- _TO DO_: The required output is the line with "Ce lundi 13" plus all lines that follow it to the end of the listing below, written out exactly, with no pictures.

- _COLLECTED DATA_:
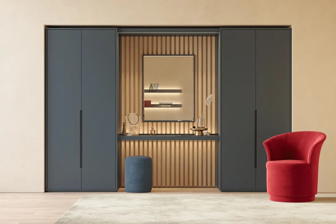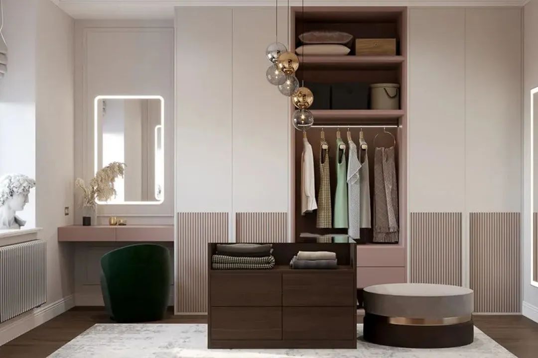 當(dāng)然,除了延展出來,也可以直接把梳妝臺“裝”在衣柜里,做衣柜時提前設(shè)計(jì)好在某一處空出一個空間,定制一個置物格,安裝抽屜,充當(dāng)梳妝臺面,不僅整體性強(qiáng),也更節(jié)省空間。
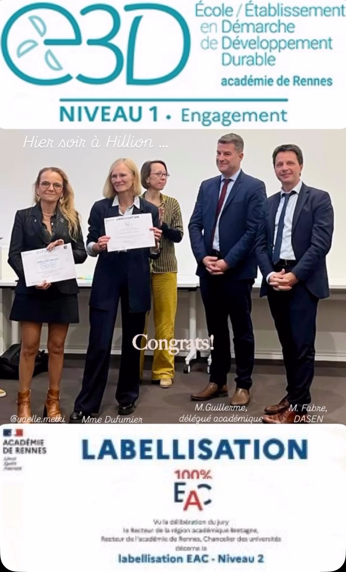 Ce lundi 13 Octobre, le lycée Ernest Renan recevait le Label E3D niveau 1 et le Label EAC niveau 2 pour une durée de 3 ans. La cérémonie de remise des labels a eu lieu lundi soir au collège d’Hillion en présence de M. Fabre DASEN 22 et de M. Guillerme, Délégué Académique à l’EAC et l’EDD.
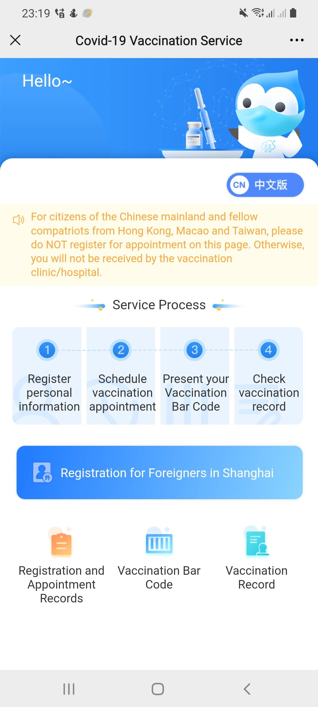 Enregistrement et rendez vous de vaccination par application wechat

- _ANSWER TO THIS EXERCISE_:
 Ce lundi 13 Octobre, le lycée Ernest Renan recevait le Label E3D niveau 1 et le Label EAC niveau 2 pour une durée de 3 ans. La cérémonie de remise des labels a eu lieu lundi soir au collège d’Hillion en présence de M. Fabre DASEN 22 et de M. Guillerme, Délégué Académique à l’EAC et l’EDD.
 Enregistrement et rendez vous de vaccination par application wechat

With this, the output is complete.